**EXERCISE MATERIALS**.
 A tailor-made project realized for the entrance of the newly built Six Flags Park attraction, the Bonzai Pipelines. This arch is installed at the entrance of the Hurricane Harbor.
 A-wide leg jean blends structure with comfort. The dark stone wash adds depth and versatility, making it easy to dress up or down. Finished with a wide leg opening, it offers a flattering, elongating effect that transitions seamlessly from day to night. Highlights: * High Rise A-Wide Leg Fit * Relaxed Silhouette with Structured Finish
...
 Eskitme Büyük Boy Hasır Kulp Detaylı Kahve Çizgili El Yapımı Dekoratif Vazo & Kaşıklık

**PROMPT**. An exact copy of the lines above between the line holding "A tailor-made project" and the line holding "A-wide leg jean", inclusive, is the whole answer.

**WRITTEN SOLUTION**.
 A tailor-made project realized for the entrance of the newly built Six Flags Park attraction, the Bonzai Pipelines. This arch is installed at the entrance of the Hurricane Harbor.
 A-wide leg jean blends structure with comfort. The dark stone wash adds depth and versatility, making it easy to dress up or down. Finished with a wide leg opening, it offers a flattering, elongating effect that transitions seamlessly from day to night. Highlights: * High Rise A-Wide Leg Fit * Relaxed Silhouette with Structured Finish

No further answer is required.